# Ever go back?



## MDShunk (Jan 7, 2007)

Ever go back to look at work you lost?

Sometimes it will make you chuckle, seeing what the low bidder did!


----------



## BBQ (Nov 16, 2010)

_Peter ............_


----------



## tkb (Jan 21, 2009)

That looks prety good for a PA service.
When I lived in PA I was amazed by some of the hack work that I saw on the side of some houses.
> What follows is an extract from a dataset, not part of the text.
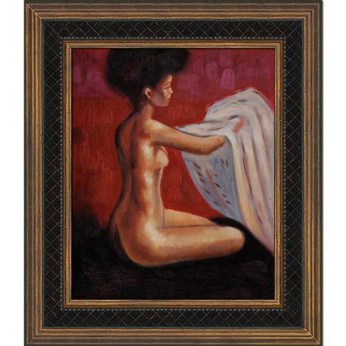 overstockArt Munch Paris Nude Artwork with Cottage Oak Frame/Diamond Patterned Bronze Dark Stain Finish Feature

At least this one has straps on the SE cable.


----------



## user4818 (Jan 15, 2009)

I wonder if there will be a tirade about how bad and dangerous SE cable is. :laughing:


----------



## BBQ (Nov 16, 2010)

Peter D said:


> I wonder if there will be a tirade about how bad and dangerous SE cable is. :laughing:



Will Harry or I misspell a word today? :jester:


----------



## MDShunk (Jan 7, 2007)

I don't even know how this place gets by with a 100 amp service. It's a cafe, with a full kitchen and 3-stories of dining room. Two walk-in boxes out back.


----------



## user4818 (Jan 15, 2009)

That looks like a 200 amp. :blink:


----------



## TOOL_5150 (Aug 27, 2007)

Just regular plywood on the building huh? yeah.. thatll last.


----------



## Big John (May 23, 2010)

No GEC or intersystem bonding...?

-John


----------



## Magnettica (Jan 23, 2007)

That's DEFINITELY lowest bidder work.


----------



## Shockdoc (Mar 4, 2010)

Name the violations , hmmmmm......POA less than 3' from window, meterpan/gas meter improperly spaced. I'm sure there are more inside. Commonwealth inspection ....Does the inspector even know the NEC ?


----------